Despite the relatively low number of patients included in this study, we found significant higher levels of plasma suPAR in patients with positive DMSA. This suggests that suPAR is a powerful marker of inflammation concordant with previous studies of suPAR. Noticeable for suPAR in this study and also prior, is a relatively small increase in suPAR during severe inflammation compared to the huge increases seen for CRP. The smaller increase of suPAR does not make it a poorer inflammatory marker compared to CRP. The nature of suPAR seems to be less fluctuating and a two-fold increase or more is usually enough to predict inflammation. We suggest suPAR as a possible complementary test to CRP with a promising positive predictive value.
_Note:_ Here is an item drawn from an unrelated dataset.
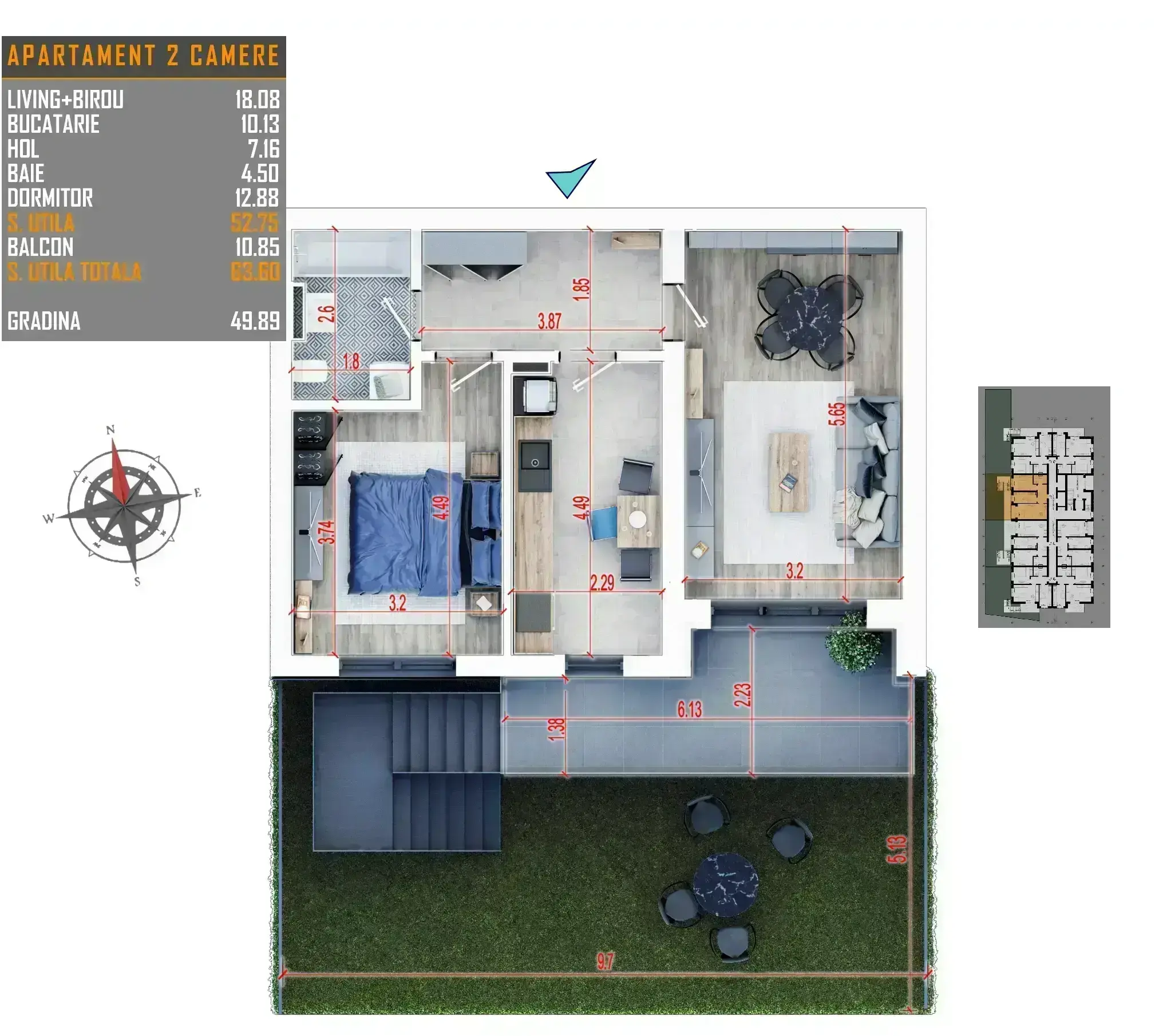 Apartamentul are util interior 52.75 mp + balcon 10.85 mp + gradina 50 mp.

In the group of patients with positive DMSA there are 2 outliers with rather low suPAR levels. This could be explained by for example congenital abnormalities, but we can of course not rule out the possibility of these being true false negative samples.
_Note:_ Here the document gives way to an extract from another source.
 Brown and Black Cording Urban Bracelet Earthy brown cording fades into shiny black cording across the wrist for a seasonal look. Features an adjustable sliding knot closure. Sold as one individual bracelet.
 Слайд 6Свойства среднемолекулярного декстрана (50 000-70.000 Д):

We conclude that plasma suPAR levels among children with positive DMSA scintigraphy were significantly elevated at admission. Since suPAR levels reflect immune activation and inflammation and our study shows an association between the suPAR level and acute DMSA scintigraphic findings, we suggest that the severity of the infection may be measured using suPAR. Further and larger studies are needed to determine whether high plasma suPAR levels are prognostic for the development of renal scarring and chronic renal disease.

Conflict of Interest

Jesper Eugen-Olsen is a founder, shareholder and board member in ViroGates, the company that produce the suPARnostic assay. No other authors have any conflict of interest to declare.

Disclosures

Author(s) have provided signed confirmations to the publisher of their compliance with all applicable legal and ethical obligations in respect to declaration of conflicts of interest, funding, authorship and contributorship, and compliance with ethical requirements in respect to treatment of human and animal test subjects. If this article contains identifiable human subject(s) author(s) were required to supply signed patient consent prior to publication. Author(s) have confirmed that the published article is unique and not under consideration nor published by any other publication and that they have consent to reproduce any copyrighted material. The peer reviewers declared no conflicts of interest.